By Corrie Goldman
Imagine you're in Rome, it's 205 CE, and you've got to figure out the quickest way to transport wheat to Virunum, in what's now Austria. Your transportation choices are limited: ox cart, mule, ship or by foot, and your budget is tight. What do you do?
Enter ORBIS: The Stanford Geospatial Network Model of the Roman World. With it, you can survey the options that would have been available to an ancient Roman in that very predicament with the ease of getting directions via GPS.
Type in your starting point, destination, the goods you need to move, and the time of year. Voila! You can quickly see the most cost-effective way to transport the grain.
By generating new information about the ancient Roman transport network, ORBIS demonstrates how, more than anything else, the expansion of the empire was a function of cost.
ORBIS reconstructs the time spent and financial expense associated with pre-modern travel. By simulating movement along the principal routes of the Roman road network, the main navigable rivers and hundreds of sea routes, the interactive route map recreates the infrastructure of the entire pre-modern Roman world in a way that has never been done before.
Classics Professor Walter Scheidel and Stanford Digital Humanities Specialist Elijah Meeks developed the highly detailed digital model over the last eight months. It was officially launched May 2.
"ORBIS is dynamic, not static, and functions both as a publication and as a tool for the creation of new information," Scheidel said. By allowing users to experiment with a huge number of data combinations, "it lets users do things that could not be done on the printed page."
Although historians have plotted the thousands of destinations and the land and sea routes that traversed the three continents of the Roman Empire, ORBIS integrates real-life scenarios that illustrate how the empire was held together through trade routes.
"Traditional maps fail to capture the severe environmental constraints that governed the flows of people, goods and information," said Scheidel, whose research interests focus on ancient social and economic history.
In recreating an ancient journey, an ORBIS user can take into account seasonal conditions, 14 modes of road travel from camel caravan to military march, different types of ships and various speeds of travel. Together, these factors reveal how the Romans came to perceive time and distance.
Before ORBIS, no one, Scheidel said, had formally visualized or demonstrated this pre-modern system of globalization.

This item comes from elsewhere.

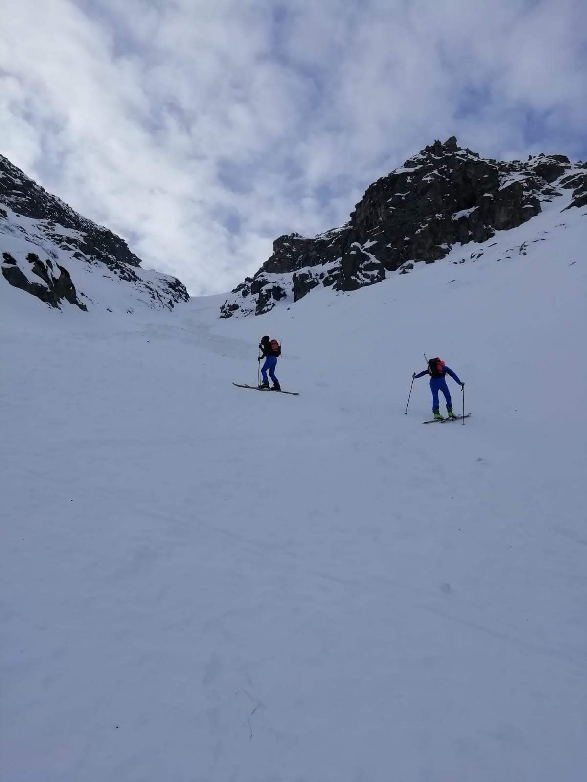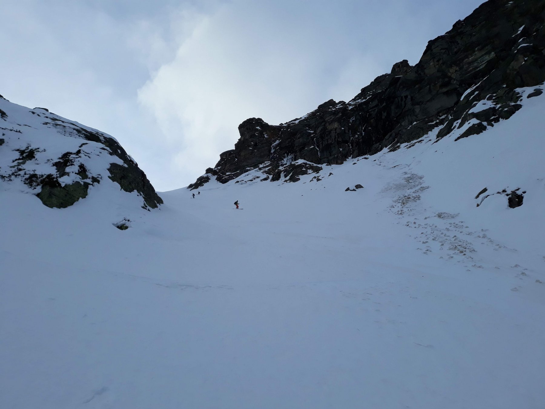 Discesa: tenersi generalmente nella contropendenza di destra, con ripidi tratti fino a 45° e qualche passaggio tra salti rocciosi specie quando s’imbocca il secondo colletto. Attenzione alle condizioni della neve sul lato sx idrografico del canale, dove dal Bec Cerel scendono sempre delle pericolose placche a vento.

The transportation network is part of a comprehensive website that supports data-driven claims with historical and technical information - what Meeks called a "digital scholarly publication with embedded data-driven arguments."
Building a digital empire
Scheidel was inspired by seeing an interactive map of the London Tube system that morphs to represent actual travel times rather than distance. He contacted Meeks, who works on digital humanities projects at the Stanford Libraries, and they began to collaborate.
Their primary source material was Emperor Diocletian's price edict of 301 CE, which provided official declarations of the price of most goods in the Roman Empire. It is, as Scheidel described it, "the largest source of information for what things cost at the time."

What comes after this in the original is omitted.